In the log-Gaussian Cox process, the mean number of events in cell \(s_{ij}\) is given by the integral of the intensity over the cell,
\(\Lambda_{ij}=\int_{s_{ij}} exp(\eta(s))ds\), and
this integral can be approximated by
\(\Lambda_{ij} \approx |s_{ij}| exp(\eta_{ij})\),
where \(|s_{ij}|\) is the area of the cell \(s_{ij}\).
Then, conditional on the latent field \(\eta_{ij}\),
the observed number of locations in grid cell \(s_{ij}\),
\(y_{ij}\), are independent and Poisson distributed as follows:
\[y_{ij}|\eta_{ij} \sim Poisson(|s_{ij}| exp(\eta_{ij})).\]
In our example, we model the log-intensity of the Poisson process as
\[\eta_{ij} = \beta_0 + \beta_1 \times cov(s_{ij}) + f_s(s_{ij}) + f_u(s_{ij}).\]
Here \(\beta_0\) is the intercept,
\(cov(s_{ij})\) is the covariate at \(s_{ij}\), and
\(\beta_1\) is the coefficient of \(cov(s_{ij})\).
`f_s()`

is a spatially structured random effect reflecting unexplained variability that can be specified as a second-order two-dimensional CAR-model on a regular lattice.
`f_u()`

is a unstructured random effect reflecting independent variability in cell \(s_{ij}\).

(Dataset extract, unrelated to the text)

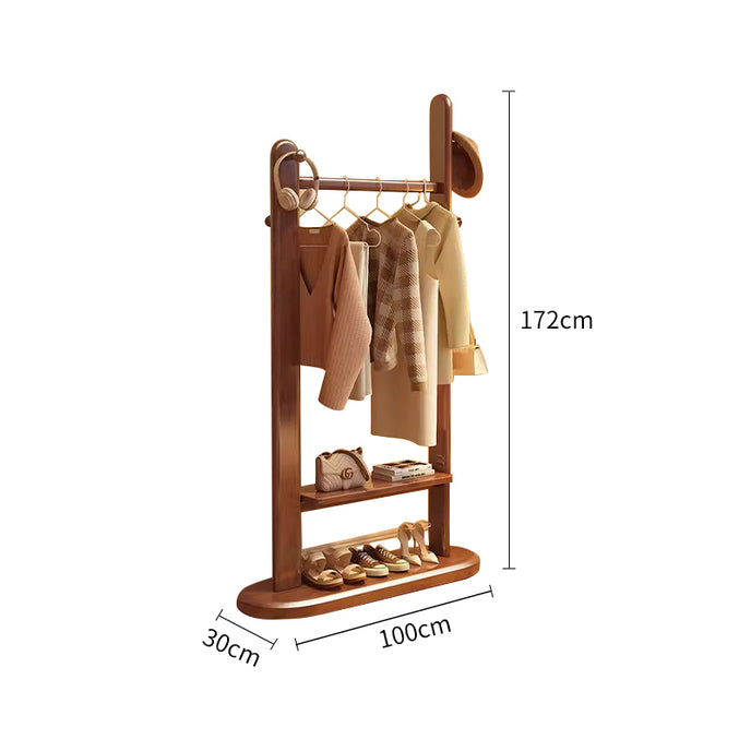 This multi-functional solid wood coat rack features a high-quality solid wood frame and eco-friendly paint. It offers strong load-bearing capacity, is environmentally friendly, and durable. The design includes multiple hooks and shelf storage, meeting various storage needs. The thickened hanging rod and solid wood base provide additional stability and load-bearing capability. Classic colors such as walnut, white, and natural wood add a touch of fashion to your home. The multi-functional design makes it suitable for storing clothes, hats, and even shoes.

In order to fit the model, we create a regular grid that covers the region of Costa Rica.
First, we obtain a map of Costa Rica using the `ne_countries()`

function of the **rnaturalearth** package (South 2017). In the function we set `type = "countries"`

, `country = "Costa Rica"`

and `scale = "medium"`

(`scale`

denotes the scale of map to return and possible options are small, medium and large).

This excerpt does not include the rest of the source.